Content starts

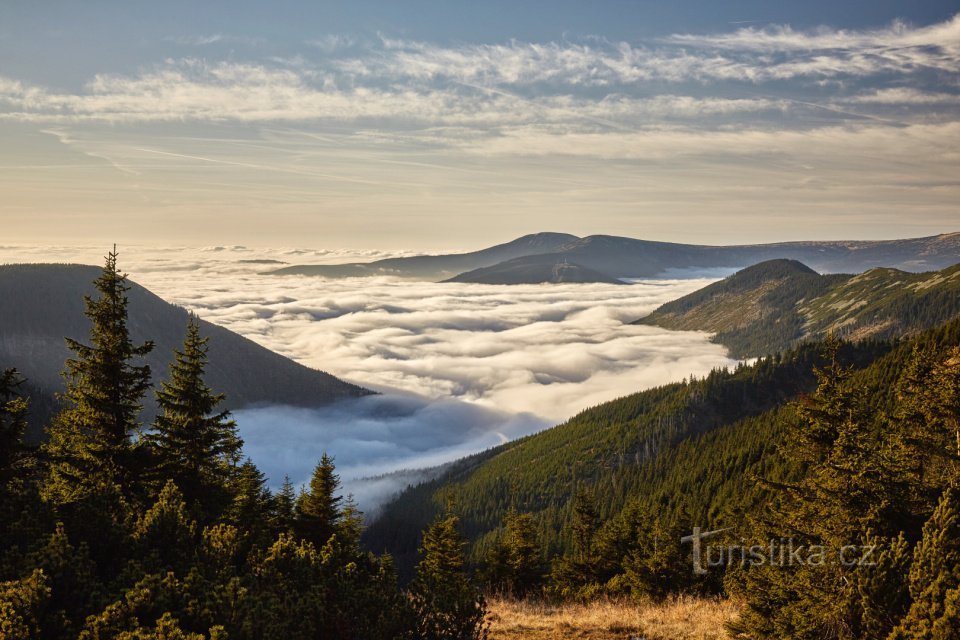 Barevná údolí, jednou zalitá sluncem, podruhé zahalená mlhou, ze které vystupují vrcholky hor. Chladný, svěží vzduch, který už občas zavoní sněhem, pročistí hlavu i plíce. Krkonoše nabízejí v podzimním chmurném počasí útočiště všem, kdo hledají klid přírody a barevné zážitky. Lanové dráhy vás vyvezou nad šeď a mlhu. Během září jezdí také Krkonošské cyklobusy, a to vždy ve čtvrtek, sobotu, neděli…
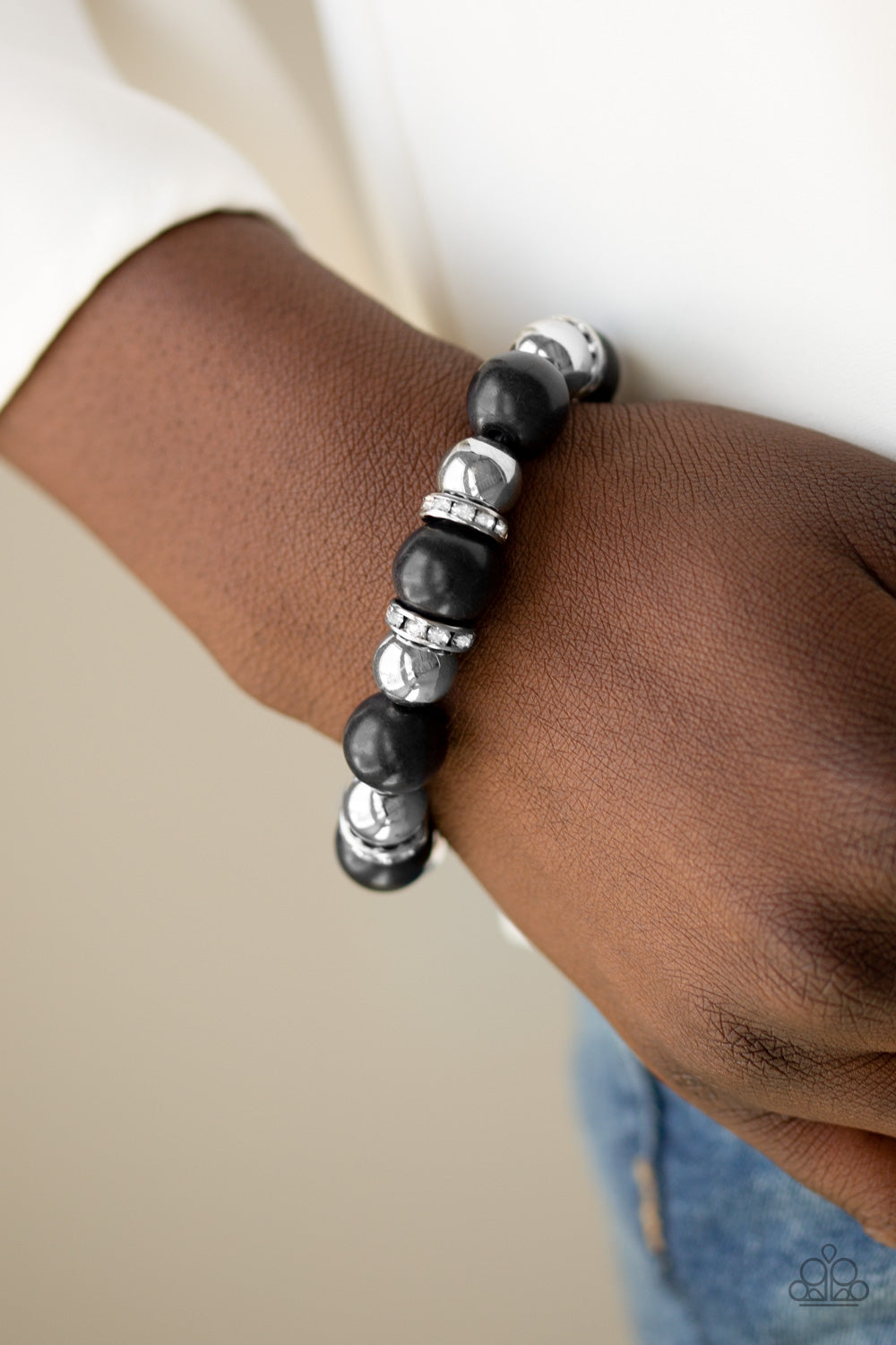 Bracelet-Faux black stones, shiny silver beads, and white rhinestone encrusted rings are threaded along a stretchy band and wrapped around the wrist for a refined look.
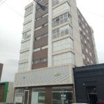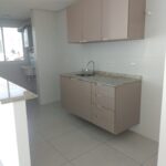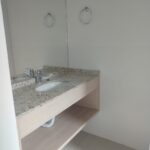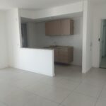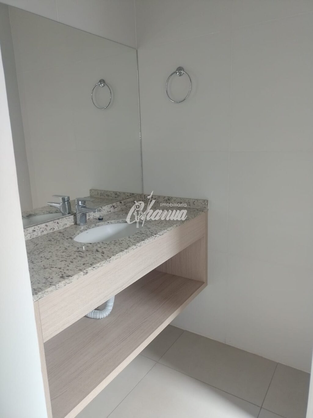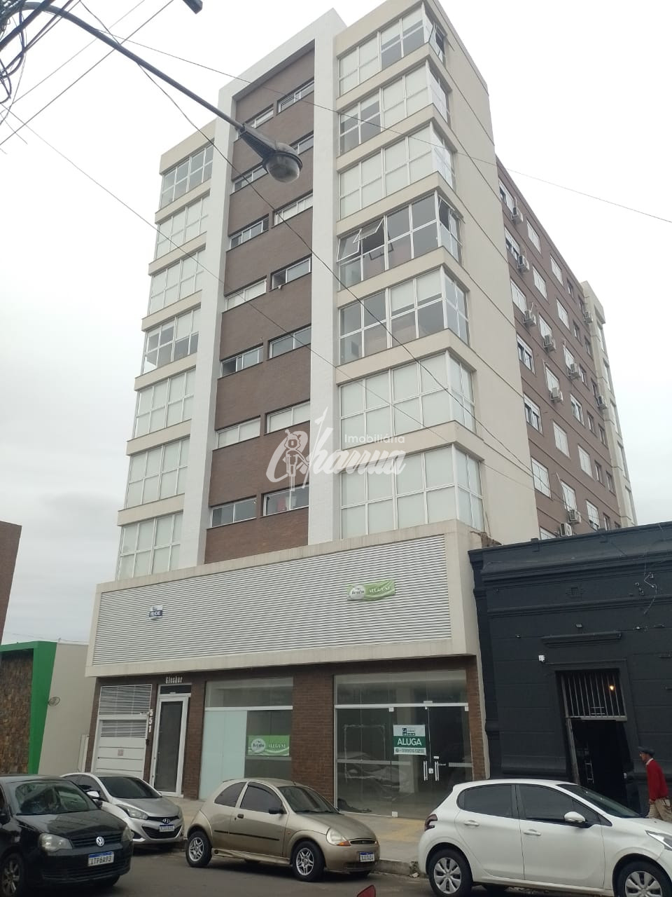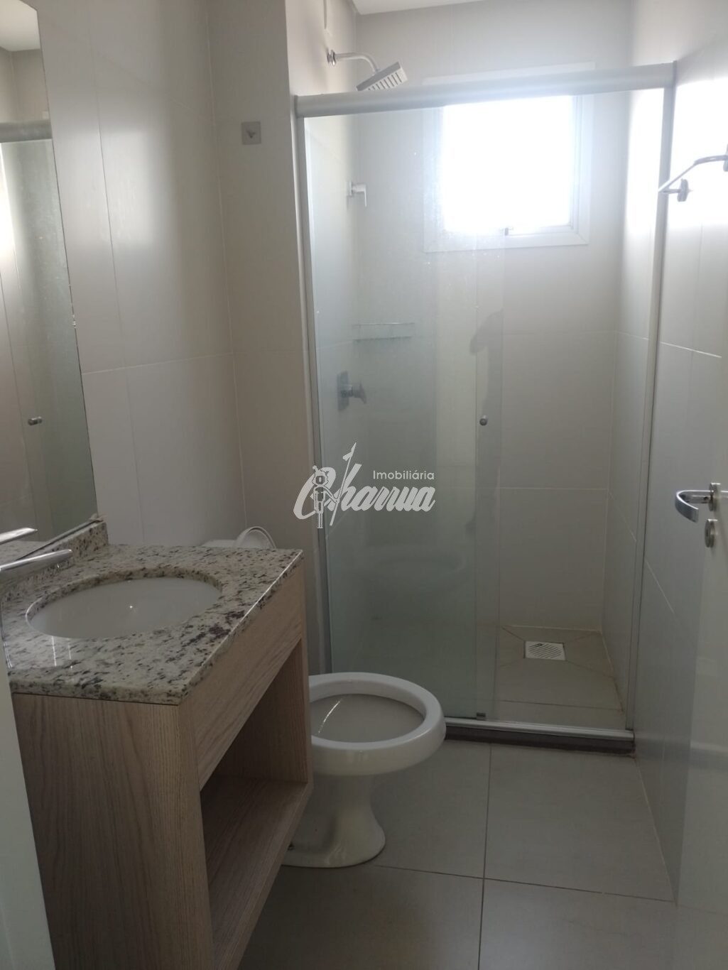 Apartamento com sala com churrasqueira, dois dormitórios sendo uma suíte, banheiro social, cozinha com área de serviço e box para carro.
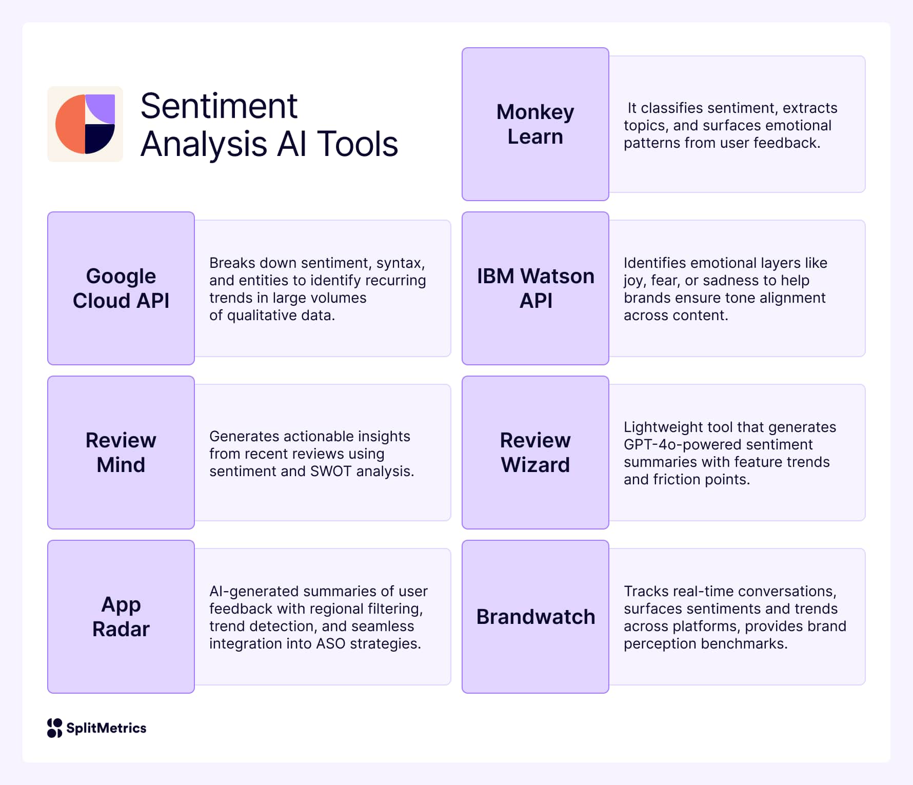 What it offers: Uses ML to classify sentiment, extract topics, and highlight emotion in app store reviews or social comments.
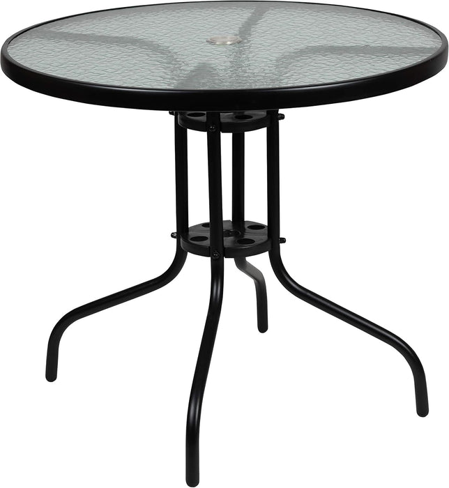 - Tempered glass dining table with a 5mm thick, water-wave glass top sits on a powder-coated steel frame for lasting durability; protective floor glides keep indoor surfaces scratch-free.

Content ends

- _TASK GOAL_
All that is required is an exact reproduction of the lines from the one containing "Bracelet-Faux black stones, shiny" to the final line of the listing above, pictures omitted.

- _SOLUTION TO THE PROBLEM_
 Bracelet-Faux black stones, shiny silver beads, and white rhinestone encrusted rings are threaded along a stretchy band and wrapped around the wrist for a refined look.
 Apartamento com sala com churrasqueira, dois dormitórios sendo uma suíte, banheiro social, cozinha com área de serviço e box para carro.
 What it offers: Uses ML to classify sentiment, extract topics, and highlight emotion in app store reviews or social comments.
 - Tempered glass dining table with a 5mm thick, water-wave glass top sits on a powder-coated steel frame for lasting durability; protective floor glides keep indoor surfaces scratch-free.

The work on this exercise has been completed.